[Collected data]

Content starts

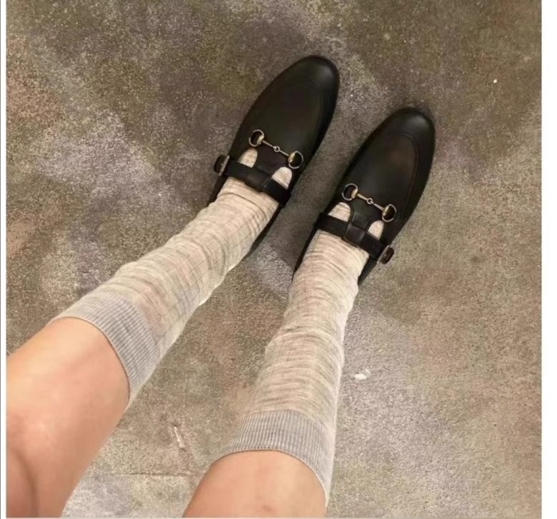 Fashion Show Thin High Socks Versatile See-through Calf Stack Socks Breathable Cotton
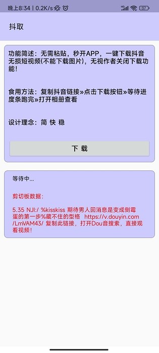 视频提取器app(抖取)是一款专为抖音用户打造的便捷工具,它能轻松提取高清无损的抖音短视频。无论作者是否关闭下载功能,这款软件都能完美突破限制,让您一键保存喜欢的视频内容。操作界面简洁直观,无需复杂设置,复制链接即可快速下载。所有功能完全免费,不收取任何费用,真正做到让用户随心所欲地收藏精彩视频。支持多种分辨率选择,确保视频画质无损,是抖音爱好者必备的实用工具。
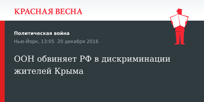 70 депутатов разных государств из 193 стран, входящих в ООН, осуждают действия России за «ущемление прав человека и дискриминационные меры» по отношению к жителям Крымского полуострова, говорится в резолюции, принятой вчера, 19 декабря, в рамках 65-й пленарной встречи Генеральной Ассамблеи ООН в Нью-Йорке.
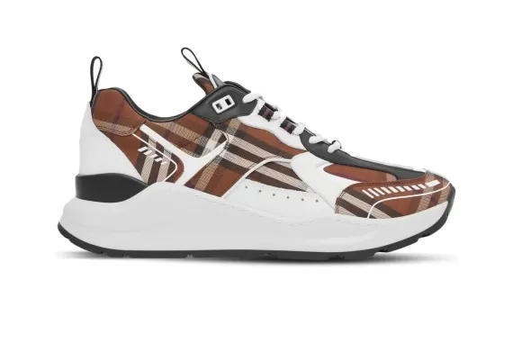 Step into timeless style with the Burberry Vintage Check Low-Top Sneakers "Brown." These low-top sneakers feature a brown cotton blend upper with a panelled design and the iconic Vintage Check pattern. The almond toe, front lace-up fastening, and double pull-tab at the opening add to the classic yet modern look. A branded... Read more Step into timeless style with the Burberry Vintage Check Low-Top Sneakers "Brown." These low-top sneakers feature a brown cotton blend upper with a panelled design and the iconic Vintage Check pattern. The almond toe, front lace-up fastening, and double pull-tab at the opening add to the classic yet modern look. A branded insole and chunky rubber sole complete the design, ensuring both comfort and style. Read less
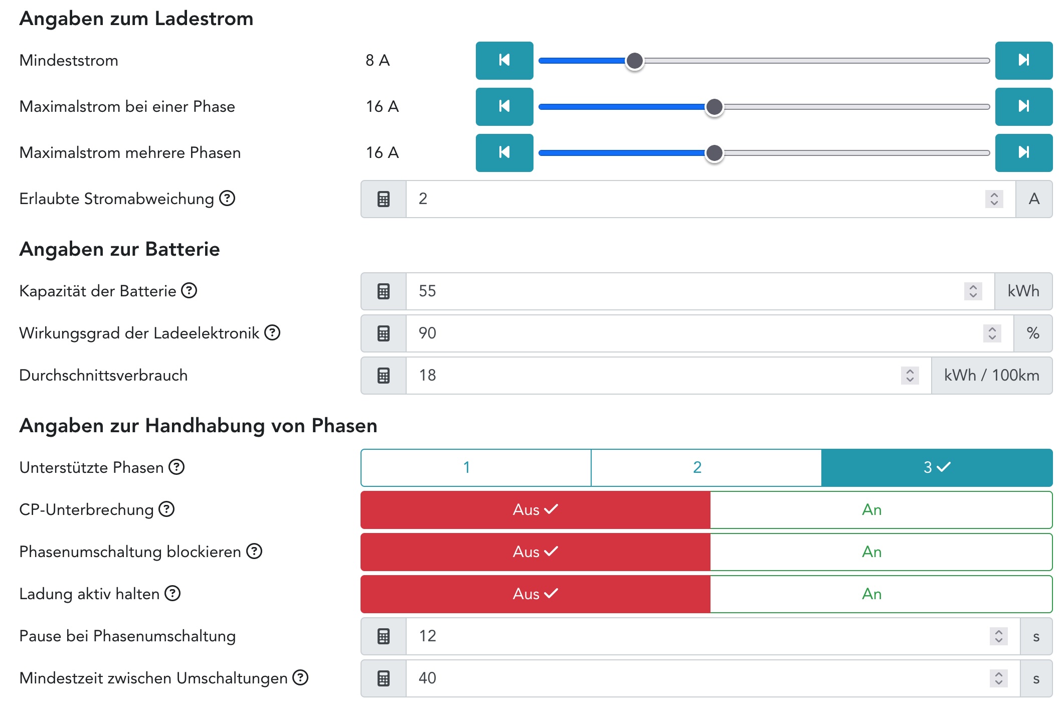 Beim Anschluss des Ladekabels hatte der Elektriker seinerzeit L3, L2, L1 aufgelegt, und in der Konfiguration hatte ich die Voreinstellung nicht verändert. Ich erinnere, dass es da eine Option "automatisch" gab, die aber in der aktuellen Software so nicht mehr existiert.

Content ends

■ What you should do
Print the lines from the beginning of the records up to and including the line containing "style. Read less", word for word, with no pictures.

■ Task result
 Fashion Show Thin High Socks Versatile See-through Calf Stack Socks Breathable Cotton
 视频提取器app(抖取)是一款专为抖音用户打造的便捷工具,它能轻松提取高清无损的抖音短视频。无论作者是否关闭下载功能,这款软件都能完美突破限制,让您一键保存喜欢的视频内容。操作界面简洁直观,无需复杂设置,复制链接即可快速下载。所有功能完全免费,不收取任何费用,真正做到让用户随心所欲地收藏精彩视频。支持多种分辨率选择,确保视频画质无损,是抖音爱好者必备的实用工具。
 70 депутатов разных государств из 193 стран, входящих в ООН, осуждают действия России за «ущемление прав человека и дискриминационные меры» по отношению к жителям Крымского полуострова, говорится в резолюции, принятой вчера, 19 декабря, в рамках 65-й пленарной встречи Генеральной Ассамблеи ООН в Нью-Йорке.
 Step into timeless style with the Burberry Vintage Check Low-Top Sneakers "Brown." These low-top sneakers feature a brown cotton blend upper with a panelled design and the iconic Vintage Check pattern. The almond toe, front lace-up fastening, and double pull-tab at the opening add to the classic yet modern look. A branded... Read more Step into timeless style with the Burberry Vintage Check Low-Top Sneakers "Brown." These low-top sneakers feature a brown cotton blend upper with a panelled design and the iconic Vintage Check pattern. The almond toe, front lace-up fastening, and double pull-tab at the opening add to the classic yet modern look. A branded insole and chunky rubber sole complete the design, ensuring both comfort and style. Read less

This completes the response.